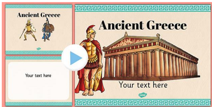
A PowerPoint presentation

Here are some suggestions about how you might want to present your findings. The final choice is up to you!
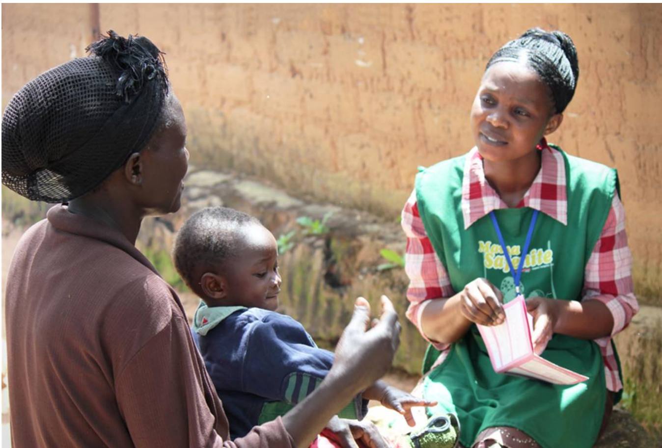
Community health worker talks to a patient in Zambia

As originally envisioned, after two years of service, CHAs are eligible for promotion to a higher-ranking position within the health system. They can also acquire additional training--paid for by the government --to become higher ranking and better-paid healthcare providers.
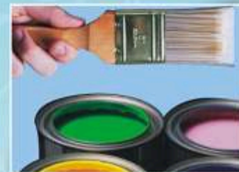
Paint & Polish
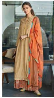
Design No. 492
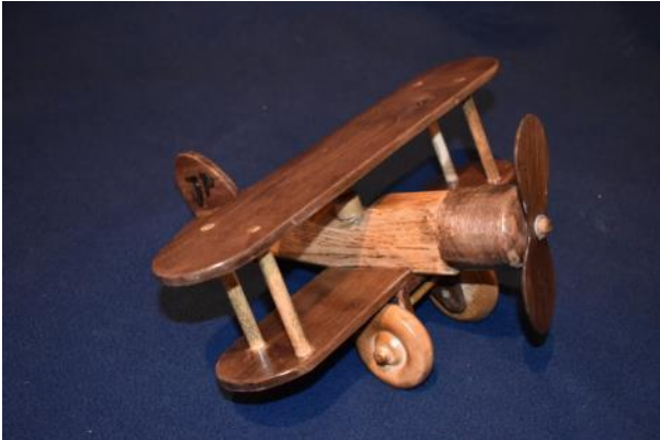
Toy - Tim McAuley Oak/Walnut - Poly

--

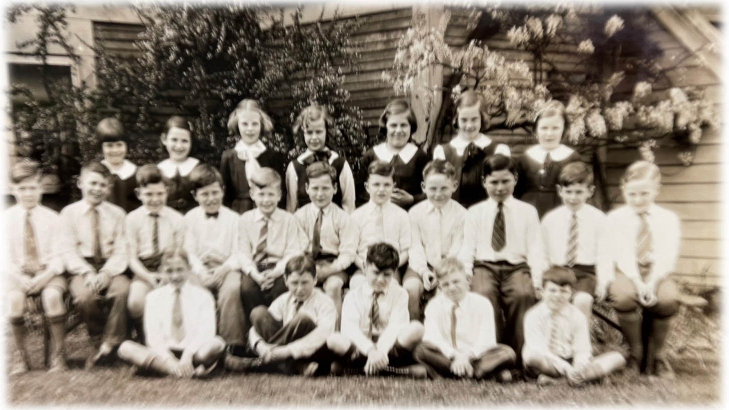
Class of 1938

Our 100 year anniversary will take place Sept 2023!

* Required work *
All that is wanted is the lines above between the one containing "Community health worker" and the one containing "Toy - Tim McAuley Oak/Walnut - Poly", inclusive, restated word for word, with pictures omitted.

* Task output *
Community health worker talks to a patient in Zambia

As originally envisioned, after two years of service, CHAs are eligible for promotion to a higher-ranking position within the health system. They can also acquire additional training--paid for by the government --to become higher ranking and better-paid healthcare providers.
Paint & Polish
Design No. 492
Toy - Tim McAuley Oak/Walnut - Poly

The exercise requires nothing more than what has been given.